Rapidly emerging SARS-CoV-2 B.1.1.7 sub-lineage in the United States of America with spike protein D178H and membrane protein V70L mutations

ORCID Icon, , , , &
Pages 1293-1299 | Received 14 May 2021, Accepted 10 Jun 2021, Published online: 26 Jun 2021

ABSTRACT

The SARS-CoV-2 B.1.1.7 lineage is highly infectious and as of April 2021 accounted for 92% of COVID-19 cases in Europe and 59% of COVID-19 cases in the U.S. It is defined by the N501Y mutation in the receptor-binding domain (RBD) of the Spike (S) protein, and a few other mutations. These include two mutations in the N terminal domain (NTD) of the S protein, HV69-70del and Y144del (also known as Y145del due to the presence of tyrosine at both positions).

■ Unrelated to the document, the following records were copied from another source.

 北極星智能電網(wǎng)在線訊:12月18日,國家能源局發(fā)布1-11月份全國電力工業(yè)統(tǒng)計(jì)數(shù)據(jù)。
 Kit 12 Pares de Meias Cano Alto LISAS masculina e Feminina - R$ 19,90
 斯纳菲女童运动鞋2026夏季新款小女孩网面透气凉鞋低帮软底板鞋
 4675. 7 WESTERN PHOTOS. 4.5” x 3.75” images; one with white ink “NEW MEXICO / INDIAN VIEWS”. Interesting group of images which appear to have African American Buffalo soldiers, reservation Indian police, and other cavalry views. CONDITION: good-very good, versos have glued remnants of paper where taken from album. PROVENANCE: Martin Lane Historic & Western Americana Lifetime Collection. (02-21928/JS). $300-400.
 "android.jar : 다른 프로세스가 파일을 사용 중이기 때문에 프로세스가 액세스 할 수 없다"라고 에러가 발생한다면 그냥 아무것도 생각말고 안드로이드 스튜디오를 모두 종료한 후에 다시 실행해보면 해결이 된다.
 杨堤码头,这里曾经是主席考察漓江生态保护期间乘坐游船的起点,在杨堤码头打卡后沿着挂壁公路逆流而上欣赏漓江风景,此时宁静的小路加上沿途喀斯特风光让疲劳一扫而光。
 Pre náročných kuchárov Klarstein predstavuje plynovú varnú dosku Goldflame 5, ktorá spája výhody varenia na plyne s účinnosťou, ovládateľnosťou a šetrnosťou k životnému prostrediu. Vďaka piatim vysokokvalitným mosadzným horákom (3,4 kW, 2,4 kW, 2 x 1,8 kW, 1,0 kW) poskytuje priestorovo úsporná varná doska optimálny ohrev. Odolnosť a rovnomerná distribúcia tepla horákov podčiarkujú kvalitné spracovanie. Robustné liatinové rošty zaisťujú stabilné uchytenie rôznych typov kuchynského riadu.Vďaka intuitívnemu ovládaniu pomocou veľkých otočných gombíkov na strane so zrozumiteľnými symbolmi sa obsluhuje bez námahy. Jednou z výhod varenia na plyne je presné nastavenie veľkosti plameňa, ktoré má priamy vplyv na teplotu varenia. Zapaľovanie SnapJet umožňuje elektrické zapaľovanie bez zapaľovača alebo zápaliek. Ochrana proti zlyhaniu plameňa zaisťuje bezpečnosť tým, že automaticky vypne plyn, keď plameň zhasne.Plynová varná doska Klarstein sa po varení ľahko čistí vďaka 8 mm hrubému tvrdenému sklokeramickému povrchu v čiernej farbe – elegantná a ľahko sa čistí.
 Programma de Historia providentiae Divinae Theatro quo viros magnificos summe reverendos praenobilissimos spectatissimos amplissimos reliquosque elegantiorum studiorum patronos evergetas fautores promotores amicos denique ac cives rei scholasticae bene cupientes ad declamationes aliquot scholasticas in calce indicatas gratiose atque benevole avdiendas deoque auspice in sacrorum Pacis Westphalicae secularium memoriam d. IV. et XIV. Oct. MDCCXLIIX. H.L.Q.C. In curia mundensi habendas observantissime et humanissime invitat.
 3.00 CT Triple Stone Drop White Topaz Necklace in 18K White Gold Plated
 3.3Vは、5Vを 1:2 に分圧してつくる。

We recently identified several emerging SARS-CoV-2 variants of concerns, characterized by Membrane (M) protein mutations, including I82T and V70L. We now identify a sub-lineage of B.1.1.7 that emerged through sequential acquisitions of M:V70L in November 2020 followed by a novel S:D178H mutation first observed in early February 2021. The percentage of B.1.1.7 isolates in the US that belong to this sub-lineage increased from 0.15% in February 2021 to 1.8% in April 2021. To date, this sub-lineage appears to be U.S.-specific with reported cases in 31 states, including Hawaii. As of April 2021, it constituted 36.8% of all B.1.1.7 isolates in Washington. Phylogenetic analysis and transmission inference with Nextstrain suggest this sub-lineage likely originated in either California or Washington. Structural analysis revealed that the S:D178H mutation is in the NTD of the S protein and close to two other signature mutations of B.1.1.7, HV69-70del and Y144del. It is surface exposed and may alter NTD tertiary configuration or accessibility, and thus has the potential to affect neutralization by NTD directed antibodies.

Introduction

B.1.1.7 emerged in the UK and was the first major SARS-CoV-2 variant of concern (VOC) that is both more transmissible and apparently more virulent [Citation1]. It now accounts for 50–90% of the COVID-19 cases in US and Europe. The Spike (S) protein N501Y mutation in the receptor-binding domain (RBD) confers higher binding affinity of the S protein for ACE2, while the other two deletions, HV69-70del and Y144del in the N-terminal domain (NTD) may also play a role in ACE2 receptor binding or neutralizing antibody escape [Citation2]. With millions of new B.1.1.7 cases in recent months, there is a very high probability of continuous acquisitions of new mutations, some of which may result in the emergence of new and even more infectious sub-lineages of B.1.1.7. While these new mutations may not be significantly deleterious by themselves, but when they appear in the context of other mutations within this VOC the result may be a more transmissible or pathogenic virus. This calls for rigorous genomic surveillance for newly acquired mutations in previously reported VOCs, including but not limited to B.1.1.7 and B.1.351.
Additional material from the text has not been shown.